Diğer müziğe geçtiğinde Yağmur'a susadığımı söyleyip yerimize götürdüm. Bir şeyler içip dinlensek iyi olacaktı. Kıvanç oturuyordu, Aras bir kızla yan barda takılıyordu. Yağmur dağıtmak istemiş olacak ki shot yarışı yapmayı önerdi. Başlamadan kaybettiğim tek yarıştı. Çok içemezdim, içersem çok dağıtırdım. Bazen Yağmur sağlam kalacaksa aşıyordum, diğer gün hoşnut olmasam da o an iyi geliyordu. Bardaklar peş peşe dikilip azalmıştı, bozguna uğrayacağımı fark ettiğim için ilk bırakan bendim çünkü Yağmur fazla abartmıştı, bugün neden gelmek istediği belli olmuştu. Ben temkinli kalmalıydım.
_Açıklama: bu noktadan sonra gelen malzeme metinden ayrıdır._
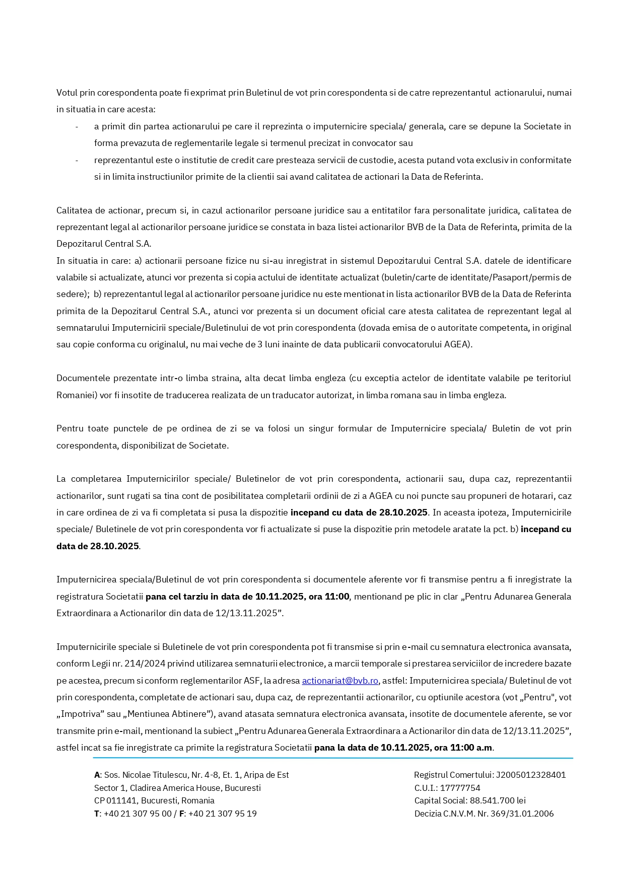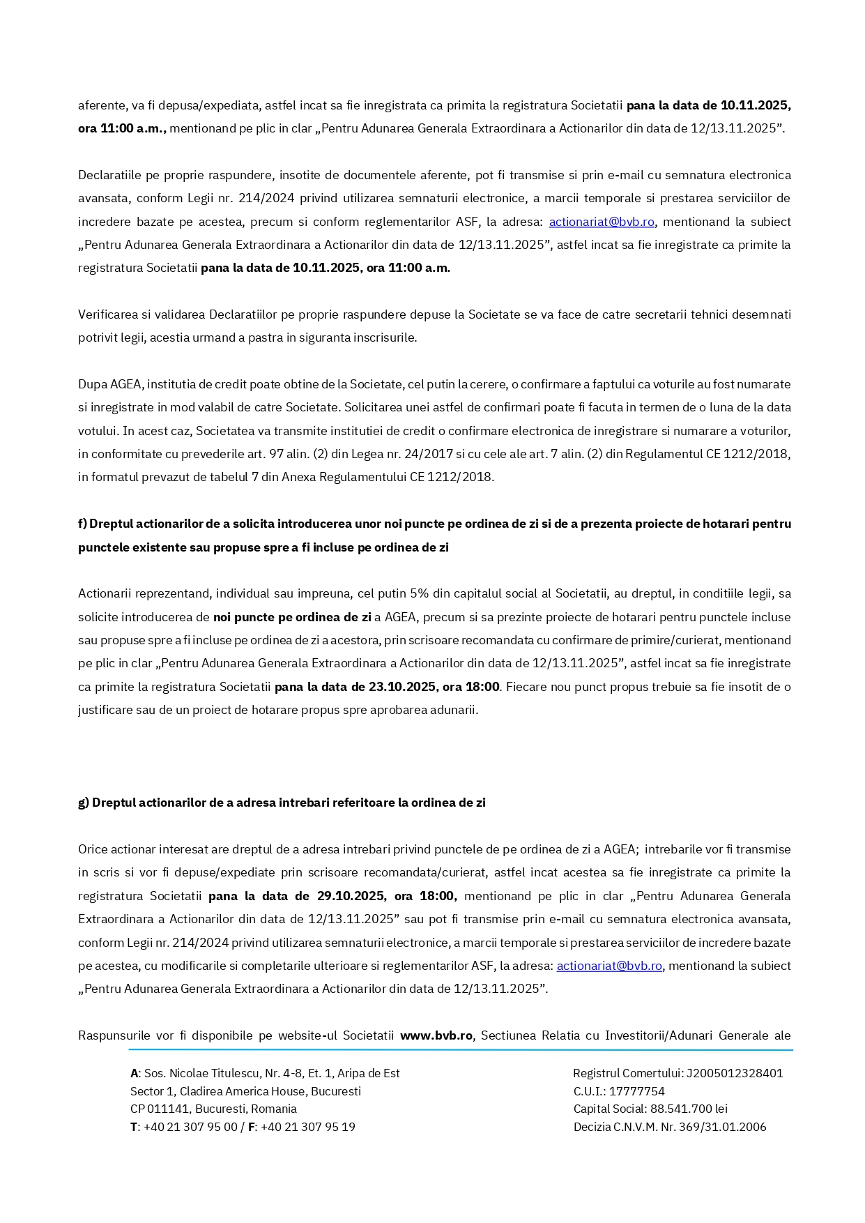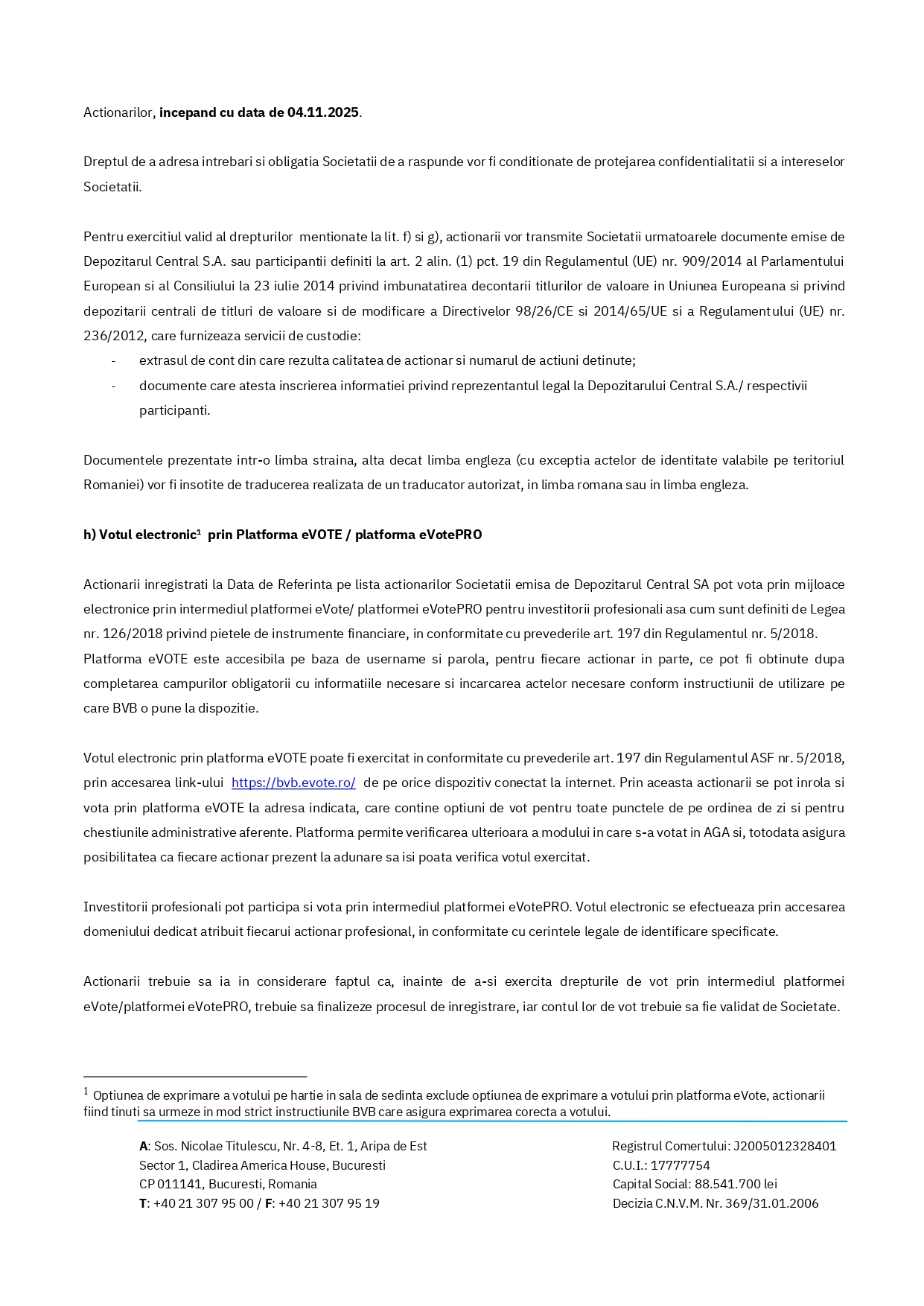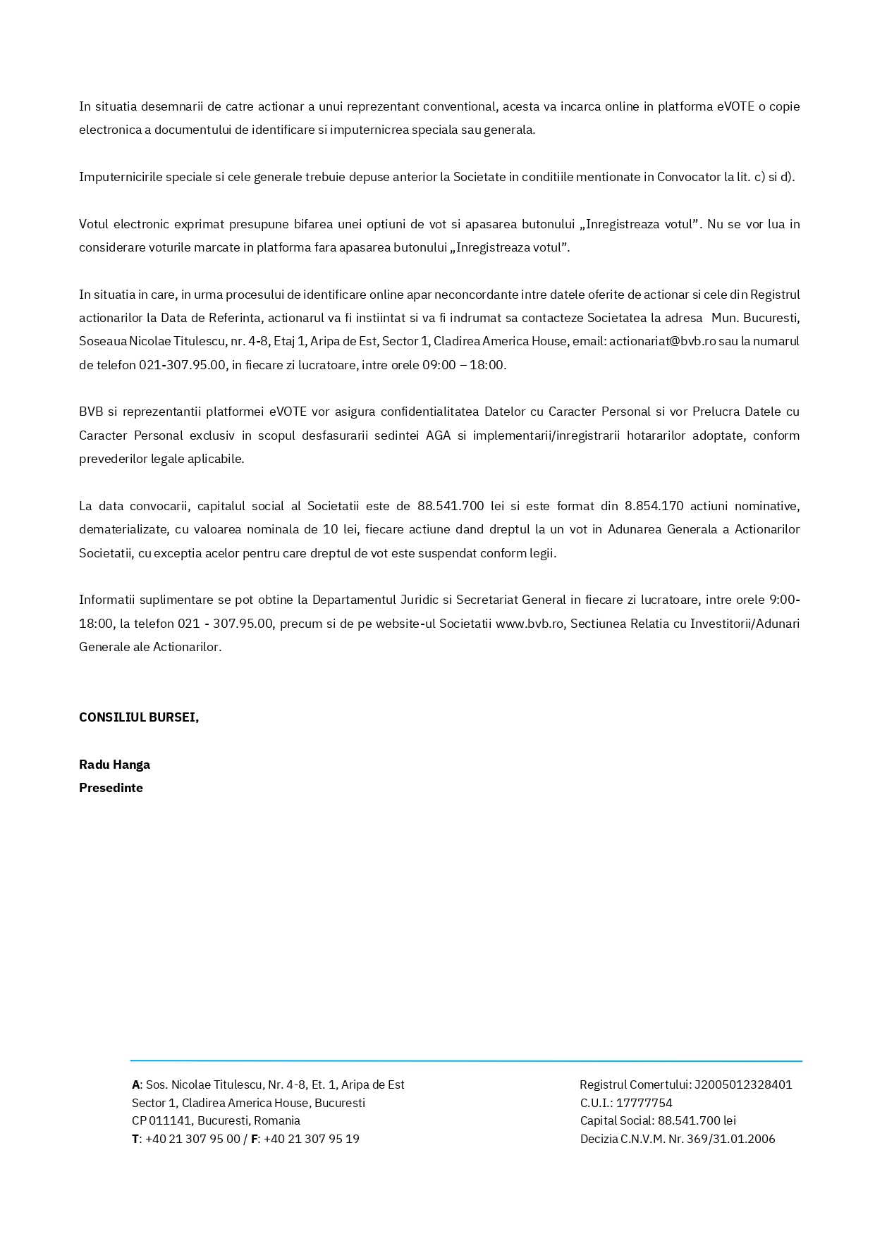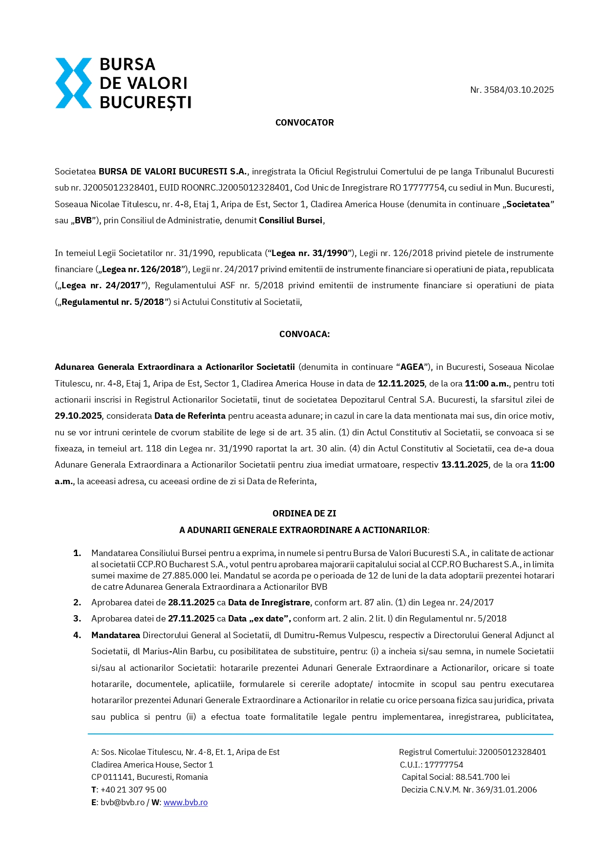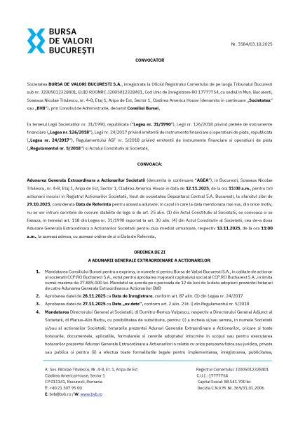 Convocator BURSA DE VALORI BUCURESTI S.A.

Önümdeki yiyişmeyi izlememek için lavaboya gittim. Döndüğümde Yağmur'lar yoktu. Büyük ihtimalle üst kattaki odalardan birine gitmişlerdi. Bir saat sonra burada olurdu. Başım dönüyordu, susamıştım. Bara gitmek yerine buraya birini istemek için göz gezdirdiğimde gözlerim buğulaştı. Önümdeki bir tekila ile dudaklarımı ıslattığımda kafamın bulanıklaştığını hissettim. Bunu yapmasaydım daha iyi olurdu. Biraz açılmak için dans edip hava almaya çıksam iyi gelebilirdi belki, ayağa kalktım. Yalpalasam da dengemi kurup ilerledim ve oynamaya başladım. Hem aklım karıncalanıyordu hem de bedenim.
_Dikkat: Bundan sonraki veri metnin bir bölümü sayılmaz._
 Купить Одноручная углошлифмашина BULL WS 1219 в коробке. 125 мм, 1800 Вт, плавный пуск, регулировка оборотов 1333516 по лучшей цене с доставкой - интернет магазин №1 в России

Belimdeki ellerle arkama döndüğümde kim olduğunu seçemesem de Yağmur olabileceğini düşündüm ve devam ettim. Yağmur değilse de ondan daha iyi dans ettiğini söylesem ayıp olur mu? Bence olmaz. Bu düşünceme kahkaha atarken belimdeki eller daha çok sıkılaştı. Bu yakınlıktan pek hoşlanmasam da gücüm olmadığı için dans etmeye devam ettim.

Bir süre sonra kulağıma fısıltı geldi. "Yukarı çıkalım." Ne dediğini anlamamıştım. Hem ses hem alkol anlamamda zorluk yaratıyordu. Ona daha çok yaklaştım, duymak için. "Anlamadım?"

"Hadi gel." deyip belimden çekiştirdi beni. Ne olduğunu sonradan hatırladım.

Kaçırılıyordum!

"Yunus! Sensin de mi?!"

"Yunus da olurum güzelim."

"Yine mi beni kaçırıyorsunuz?! Sıkılmadınız mı ya? Bıraksana!" O çekiştirirken ben de ona laf anlatmaya çalışıyordum. "Bak, o bir kere olur. Hem yanlış kişi değil miyim ben?"

"Seçtiğim en doğru kişilerden olabilirsin yavrum, merak etme."

Ne diyordu bu yavrum mavrum?

Merdivenleri çıktığımızda sağda biriyle göz göze geldim. O da gelmişti işte. Yine mi kaçırılıyorum?

Yunus beni sola çekiştirirken engel olmaya çalıştım. Kaşlarımı çattım. Araf'ı işaret ettim. "Patronun orda Yunus. Oraya götürceklersin beni!" Sarhoş olunca ya kelimeleri söyleyemiyor ya da cümleleri yarım bırakıyordum.

Benim kaşlarım gibi Araf'ınkiler de çatıldı. Güldüm. "Yine kızdırdın çocuğu Yunus. Hep kazdırıyosun." Yüzümü buruşturdum. "Kazdırma, kızdır."

İkiside bana mala bakar gibi bakıyordu. Yunus'tan kendimi kurtarmaya çalışırken Araf'a seslendim. "Yine niye kaçırtıyorsun beni ya?! Söylesene bıraksın, bağırırım idman diye şimdi!"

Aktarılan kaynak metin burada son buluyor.